• [DIRECTIONS]:
From the material below, reproduce exactly the stretch of lines that begins with the line holding "で、案内するわたしがそれを食" and ends with the line holding "1、打开蓝光过滤器app,点击页面左上角的菜单按钮。", skipping the pictures.

══ STORED DATA ══

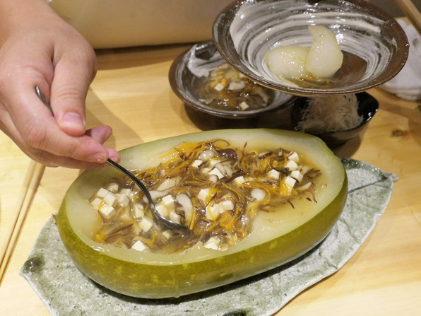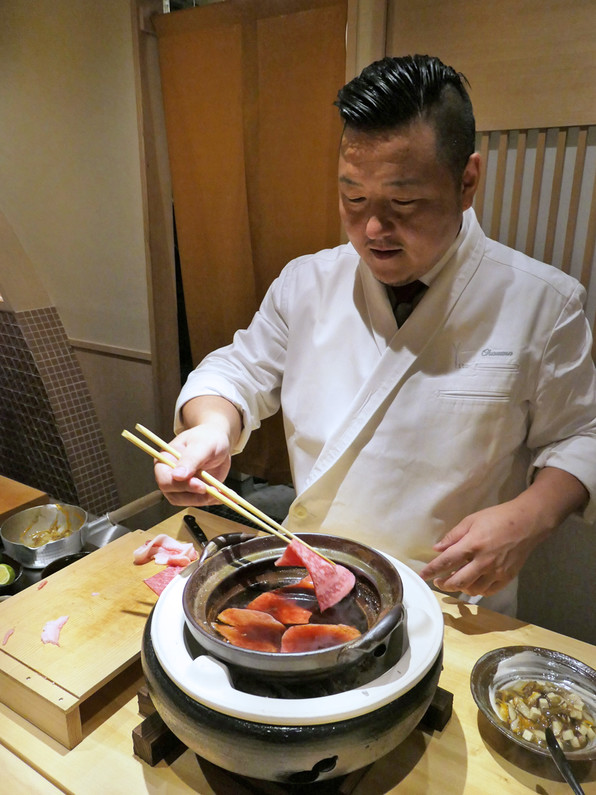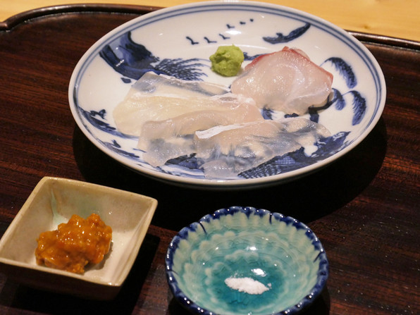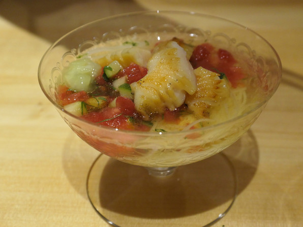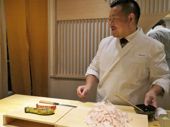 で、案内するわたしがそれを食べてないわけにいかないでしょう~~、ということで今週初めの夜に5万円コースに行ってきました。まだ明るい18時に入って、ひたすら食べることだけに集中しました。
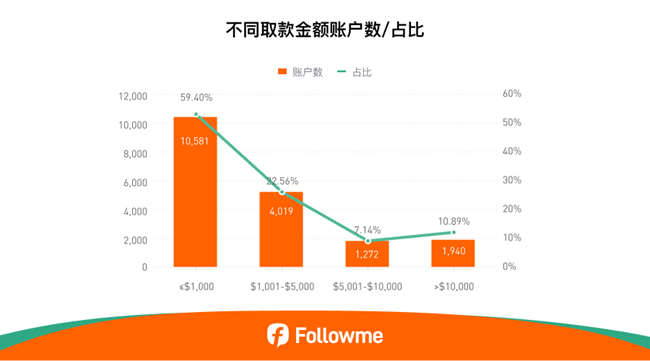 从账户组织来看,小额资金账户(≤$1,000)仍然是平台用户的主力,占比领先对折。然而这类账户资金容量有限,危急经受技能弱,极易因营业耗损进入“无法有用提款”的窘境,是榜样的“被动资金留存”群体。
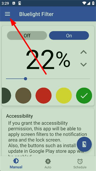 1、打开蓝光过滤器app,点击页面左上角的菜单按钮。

═══
══ STORED DATA ══

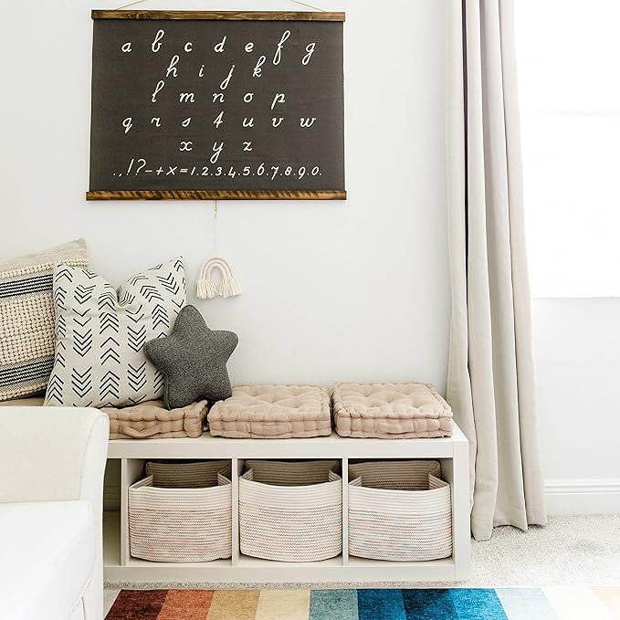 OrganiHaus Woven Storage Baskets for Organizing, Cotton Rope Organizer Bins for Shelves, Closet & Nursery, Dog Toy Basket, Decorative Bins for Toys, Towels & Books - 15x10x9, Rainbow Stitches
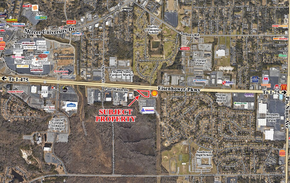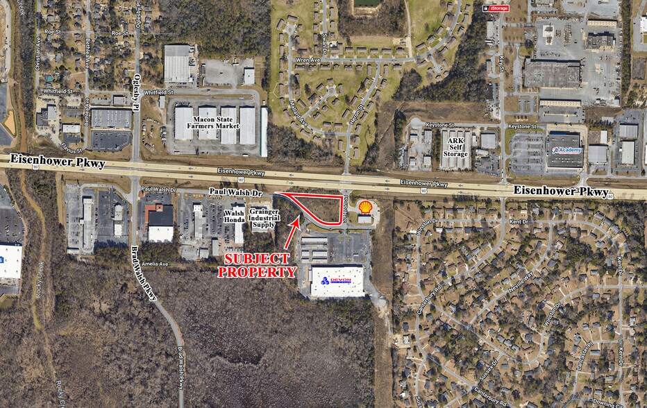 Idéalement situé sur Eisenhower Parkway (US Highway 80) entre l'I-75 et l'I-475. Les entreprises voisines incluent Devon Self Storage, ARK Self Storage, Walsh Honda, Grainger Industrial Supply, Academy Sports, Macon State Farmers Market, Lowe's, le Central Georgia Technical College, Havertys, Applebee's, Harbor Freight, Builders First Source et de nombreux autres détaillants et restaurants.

═══

• [EXPECTED OUTPUT]:
 で、案内するわたしがそれを食べてないわけにいかないでしょう~~、ということで今週初めの夜に5万円コースに行ってきました。まだ明るい18時に入って、ひたすら食べることだけに集中しました。
 从账户组织来看,小额资金账户(≤$1,000)仍然是平台用户的主力,占比领先对折。然而这类账户资金容量有限,危急经受技能弱,极易因营业耗损进入“无法有用提款”的窘境,是榜样的“被动资金留存”群体。
 1、打开蓝光过滤器app,点击页面左上角的菜单按钮。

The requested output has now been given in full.